In addition, much of the work had to be done just-in-time, particularly for what those involved in the project called the X-node--the portion of the trellis that intersects and actually fits behind the stainless elements that billow up from atop the stage. "As they were putting those on, they had to stop for a minute and get those pipes in there and then finish it," Wendt says. "We expedited a few pipes to go there so they could keep going on the stage."

Fabricating exactness

Wendt was careful to give credit to Acme Structural, the Springfield, Mo.-based fabrication house responsible for creating all the TYK joints holding the trellis together, as well as cutting and welding the tubes. "In general, logistics was a challenge," he says. "We had to deliver pieces to [Acme], who had to deliver them to the site in a timely manner so they could build the trellis. The logistics had to be worked out to keep everybody busy.

"The good news is, working with Acme Structural, the pieces at the job site fit together," he adds.

Matt Vienhage, Acme vice president of sales and engineering, says he never had any worries about that. Well, almost none. "I was pretty sure it was going to work," Vienhage says with a smile. "We did have contingencies if they did miss, whatever needed to happen."

No need to worry. The Acme crew took all those pains in-house, going so far as to ask their counterparts at CMRP to tighten the radius on some of their pipes "because it was easier for them to open a piece up than it was to close a piece," Wendt adds.

Acme cut the numerous necessary holes in the pipes, mostly with oxy-fuel torches but also with plasma torches. However, the company's big job was to fabricate and weld the many 5-ft. to 6-ft.-long TYK joints where the pipes intersect, named thus because of the letters they form when the pipes come together.

The trick unique to the Pritzker Pavilion trellis was that the radiuses of the pipes meeting at joints are all different, meaning that the extensions on each TYK joint also had to be bent to those exact radiuses "because you had to have the radius start from the center of the intersection to the pipe," Vienhage says. Each joint also had to be rotated at a special angle to accommodate the pipes it was joining, Vienhage notes.

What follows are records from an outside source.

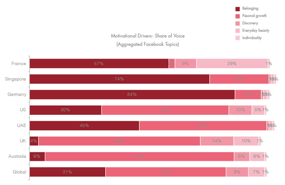 各地區(qū)話題占比一覽,由深至淺分別是歸屬感、個(gè)人成長、探索發(fā)現(xiàn)、美容健體、個(gè)性與獨(dú)立,從上至下是法國、新加坡、德國、美國、阿聯(lián)酋、英國、澳大利亞及全球
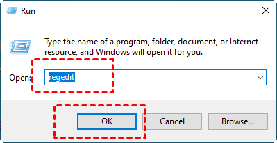 Step 2. Type regedit or regedit.exe and click OK to launch the Registry Editor.
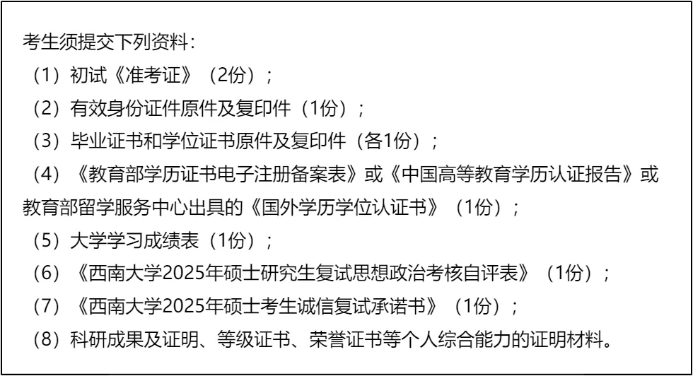 三、 复试资格审查需要准备的材料

To install the pipes, the erectors stood on portable towers and adjusted each TYK joint up or down as necessary. Once they had three rows of arches up, they would verify them and then field-weld the joints so that the erectors were always two rows ahead of the welders. Many of those joints called for full-penetration welds, one small factor in meeting what Zils called the project's key challenge--ensuring the trellis's stability.

"It's a huge column-free space with quite small members," Zils says. "There's always the potential of individual pieces buckling and also for the entire structure to collapse on itself. This became the crucial issue in terms of the design.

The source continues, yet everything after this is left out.